The opinion of the court was delivered by: The Honorable David O. Carter, Judge





Julie Barrera Not Present Courtroom Clerk Court Reporter


Before the Court is Defendant Bird Brain, Inc's ("Bird Brain") Motion to Dismiss (Docket 12) ("Motion to Dismiss"). The Court finds this matter appropriate for decision without oral argument. Fed.R.Civ. P. 78; Local Rule 7-15. After considering the moving, opposing, and replying papers, the Court hereby GRANTS IN PART AND DENIES IN PART the Motion to Dismiss and DENIES the Motion to Strike.

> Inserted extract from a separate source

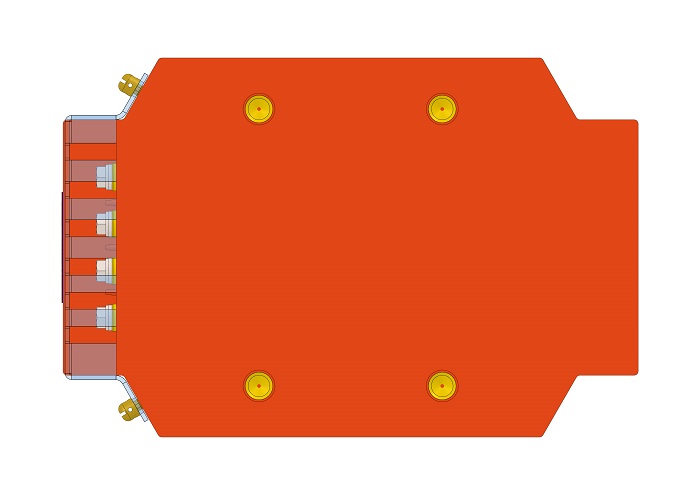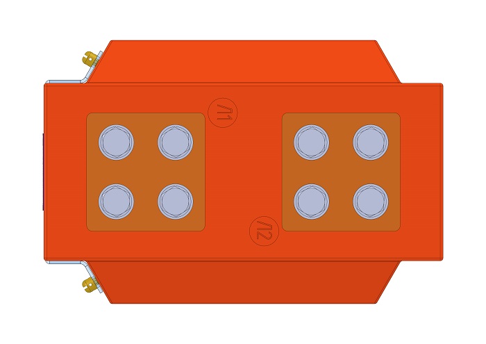 Трансформатор тока (ТОЛ) ТЛК-СТ-10-7.4(1) (2500А) в габарите 270х178х224 мм без металлического основания, с пазом под вторичные выводы. Вторичные выводы расположены горизонтально (2 или 3 вторичные обмотки). С защитной крышкой вторичных выводов. Наконечники 2500А. Отличается размерами под закладные спецгайки крепления трансформатора (130х86 мм).

Defendant Bird Brain, Inc. ("Defendant") manufactures and sells "Firepot Fuel Gel" ("Fuel Gel"), a pourable gel fuel used with firepots and other decorative lighting devices. First Amended Complaint ("FAC"), ¶ 1. Plaintiff alleges that Fuel Gel burns with an almost invisible flame, such that if a user pours more Fuel Gel into a seemingly empty firepot, the Fuel Gel in the bottle can suddenly ignite to result in a "vapor flash fire." Id. at ¶ 2-3, 16-18. These vapor flash fires are alleged to result in serious bodily injury, including third degree burns, or even death. Id. at ¶ 4.

Plaintiff avers that Defendant has full knowledge of the potential for vapor flash fires and corresponding potential for injury and yet has failed to provide warnings on Fuel Gel labels. Id. at ¶ 5, 19-20. For example, Plaintiff notes that the Safety Data Sheet for Fuel Gel explicitly states that it "burns with almost invisible flame." Id. at ¶ 21. Further, Defendant is also a defendant in two lawsuits arising out of personal injuries that resulted from Fuel Gel. Id. at ¶ 24-25. Plaintiff goes on to detail injuries caused by similar gel fuel products, consumer complaints on, an investigation into Fuel Gel by the Illinois Attorney General, and a New York law banning substances such as Fuel Gel. Id. at ¶ 26-38. Based on all of this evidence, Plaintiff contends that Defendant knew of Fuel Gel's potential to cause serious injury. Id. at ¶ 5, 19-20.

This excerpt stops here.